# Top Ten Fragrances by Categories



## EyebrowsnLips (Nov 16, 2008)

1. Just Favorite scent- 

2. Fruity or Tropical-  

3. Warm (Vanilla, coconut, pumpkin ect) -

4. Light, Soft-

5. Fresh (Reminds you of fresh out the shower or soap) -

6. Summer & Spring-

7. Winter & Fall- 

8. Day-

9. Night -

10. Exotic/Sexy-  

***An extra one, The Cheapest perfume/body Spray that you have & love


----------



## Kayteuk (Nov 16, 2008)

1. Just Favorite scent- Coco Chanel Madmoiselle

2. Fruity or Tropical-  Michael Kors -Island

3. Warm (Vanilla, coconut, pumpkin ect) - Body shop- Coconut perfume

4. Light, Soft-Burberry-Weekend

5. Fresh (Reminds you of fresh out the shower or soap) - Ralph Lauren-Romance
 
6. Summer & Spring- Vera Wang- Princess or Gucci-Envy me

7. Winter & Fall- Thierry Mulger- Angel

8. Day- D&G-Light blue

9. Night - Chanel - No5

10. Exotic/Sexy-  Hugo Boss- Red

11. The Cheapest perfume/body Spray that you have & love

Oh dear....I have to admit.... So kiss me perfume I think its by revlon!
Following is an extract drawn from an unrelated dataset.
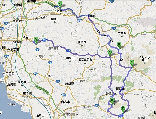 コミュでのマスツーは久しぶりになりますが、7月北部九州豪雨で被災した筑後および阿蘇地区の復興を応援するために、ツーリングを企画します。 詳細は下記のとおりです。ご参加をお待ちしています。 ・開催日: 平成24年11月3日(祝) ・集 合: 7:30 山田SA ・ルート: 日田〜ファームロード〜瀬の本高原〜高森〜阿蘇山頂〜大観峰〜小国〜八女 ・ランチ: らくだ山(高森)で「地鶏焼」 http://www.rakudayama.com/ ・解 散: 道の駅たちばな(八女) *阿蘇で開催されるピースライドが台風の影響で11/3

Or Tommy girl (Reminds me of America!)


----------



## lollipoped (Nov 16, 2008)

1. Just Favorite scent- Ange ou Demon

2. Fruity or Tropical-  Escada Moon Sparkle 

3. Warm (Vanilla, coconut, pumpkin ect) -Givenchy Hot Couture 

4. Light, Soft- gawd...this is so embarrassing but Love's Baby Soft 
	

	
	
		
		

		
			





5. Fresh (Reminds you of fresh out the shower or soap) -Dolce Gabanna Light Blue

6. Summer & Spring-Marc Jacob Daisy 

7. Winter & Fall- Ange ou Demon

8. Day-right now it's Chanel Chance , mixes so well with my shower gel 
	

	
	
		
		

		
		
	


	




9. Night - Definably Ange ou Demon!  

10. Exotic/Sexy-Ange ou Demon <can you tell how much i like this scent?>


----------



## MacAtFirstSight (Nov 16, 2008)

1. Just Favorite scent- Estee Lauder Pleasure Exotic

2. Fruity or Tropical-  Ralph by Ralph Lauren

3. Warm (Vanilla, coconut, pumpkin ect) - Cashmere Mist

4. Light, Soft- J'dore

5. Fresh (Reminds you of fresh out the shower or soap) - Romance by Ralph Lauren

6. Summer & Spring- Cool Water

7. Winter & Fall- J'adore

8. Day- Pleasures Exotic

9. Night - Issey Miyaki

10. Exotic/Sexy- Anna Sui Dolly Girl Bon'jour L'amour


----------



## S.S.BlackOrchid (Nov 16, 2008)

1. Just Favorite scent- Hypnotic Poison

2. Fruity or Tropical-  Ralph Lauren Ralph

3. Warm (Vanilla, coconut, pumpkin ect) - Saffron Sari by Urban Rituelle

4. Light, Soft- Kenzo Amour Indian Holi

5. Fresh (Reminds you of fresh out the shower or soap) - pass
 
6. Summer & Spring- Still looking

7. Winter & Fall- Hypnotic Poison

8. Day- Saffron Sari or Kenzo Amour Indian Holi

9. Night - Hypnotic Poison

10. Exotic/Sexy-  Hypnotic Poison

11. The Cheapest perfume/body Spray that you have & love
Hmm... VS Amber Romance EDT


----------



## xsnowwhite (Nov 16, 2008)

1. Just Favorite scent- Roxy - original

2. Fruity or Tropical- Escada Rockin' Rio

3. Warm (Vanilla, coconut, pumpkin ect) - Ralph Lauren Hot or Vera Wang Princess

4. Light, Soft - 

5. Fresh (Reminds you of fresh out the shower or soap) - Bath&Body Works Breathe Happiness

6. Summer & Spring- Escada anything...

7. Winter & Fall- haven't found a great one yet.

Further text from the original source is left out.